「思考力テスト×グローバル教育の挑戦」と題したパネルディスカッションのうち前半は、思考力テストについての取り組みを紹介していただいた。パネルに参加した学校はいずれも、21会が「思考力テスト」と呼ぶ入学試験を行っている。(かえつ有明では「作文入試」、佼成女子では「PISA型入試」、聖学院では「思考力テスト」、文大杉並では「A型テスト」)。これらのテストの狙いやその効果など、各学校の事例を当日のパワーポイントのスライドとともに報告する。なお、聖学院では当日ムービーを流したが、ここでは画像のみを紹介する。(by 鈴木裕之:海外帰国生教育研究家)
佼成学園女子 江川先生より
本校のPISA型入試というのは実生活で直面する様々な課題に対応できる能力を評価する入試問題。既存の学力観だけにとらわれない、教科横断型の思考力をみていく。基礎的な算数や国語の力も見るが、何事にも前向きに向かっていく生徒を求めている。
PISA型入試で入ってくる生徒にいえるのは、自ら学ぶ力と、仲間と学ぶ力、意欲がある。一般入試で入ってくる生徒と違うところを本校では良い部分として捉え、構成的グループエンカウンターという考えを取り入れながら、生徒同士や先生との対話を通して生徒の良い部分を伸ばしていこうという取り組みをしている。
文化学園大学杉並 窪田先生より
これはA型入試の問題例です。
江戸時代の廻船の絵を見て、船の積荷で工夫されている点を挙げなさいというもの。これをみたとき小6の受験生が頭の中でどのようなことを考えるのかが思考力のプロセスという点で醍醐味。絵と文字情報を元に、積荷がどこになにがあるのかをイメージし、乾いたもの・液体がどこにあるか、また、重さのバランス、船がどういう風なものだったのかなどを考え、文章化することが求められる。暗記された知識を問うだけでなく、日常生活の中で生徒が得た知識や知恵をどのように応用しているかを試す。
聖学院中 本橋先生より
2013年度より思考力テストを導入した。思考力テストのためのセミナーを行ったので、その時の様子のスライドショーを見てほしい。
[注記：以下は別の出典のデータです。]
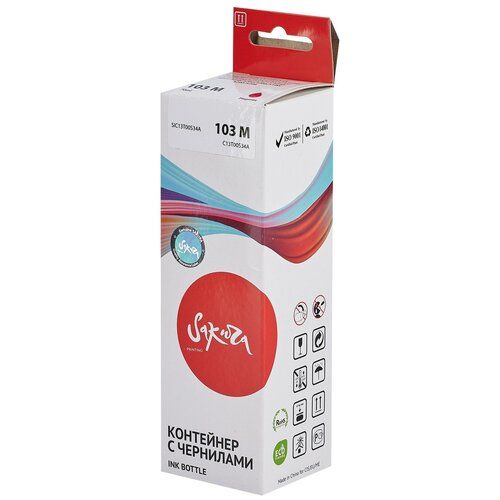 Найти - Контейнер с чернилами 103 M для Epson, цвет пурпурный, 7500 страниц, 70 мл, C13T00S34A, Sakura
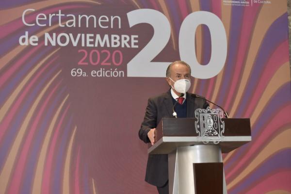 El director general del Centro de las Artes, Eudoro Fonseca Yerena, en representación del Secretario de Cultura, Armando Herrera Silva, detalló que el Certamen 20 de noviembre inició en 1951 como una de las primeras iniciativas de estímulo a la creación y excelencia artísticas en México y, a partir de 2015 con la nueva administración estatal, se reconoció la importancia del apoyo a las creadoras y creadores artísticos, a los investigadores e investigadoras de la historia y la ciencia, elevando este premio de 50 a 75 mil pesos.

レゴ・写真・文章などを題材として、発見・思考タイムを設け、まずは一人で考えてもらう。次にシェア体験といって、他の人に自分の意見を言ったり、相手の考えを聞いたりすることで新しい気付きがおこる。それに対して新しい問いが生まれ、問題を深く掘り下げることができる。最終的には自分の考えを100字に要約してもらう。大学生のチューターがそれを読み、コメントを書き、問いかけをする。それを生徒に返し、再び考えるきっかけをつくる。暗記型でなく、自分の知らなかったことでも、発見をしていきながら、その発見をまとめる力をみるテストになっている。
かえつ有明中 石川先生より
セミナーで生徒たちに前もって思考力テストというのはどういったものであるかを体験させるのは有意義なこと。一方的な解説ばかりなのは20世紀型授業の形だが、PILというのはこれに加えて、隣の人と今の内容がどうだったか考えてきてくださいというもので、お互いに新しい気付きがある。
PBLでは、例えば今日団体で来ている方々が会の内容を持ち帰って、それについて話し合い、議論をするというものになる。今後の授業の中でも取り入れられていくのではないか。そこに電子ボードで匿名&リアルタイムで生徒が思っていること考えていることが表示されるシステムができるとすごいことになる。世の中にはニコニコ動画やtwitterなどとしてもう存在するが、教育の場もそこまで進んでくるのではないか。そこまで進まないと本当には変わったと言えないのかもしれない。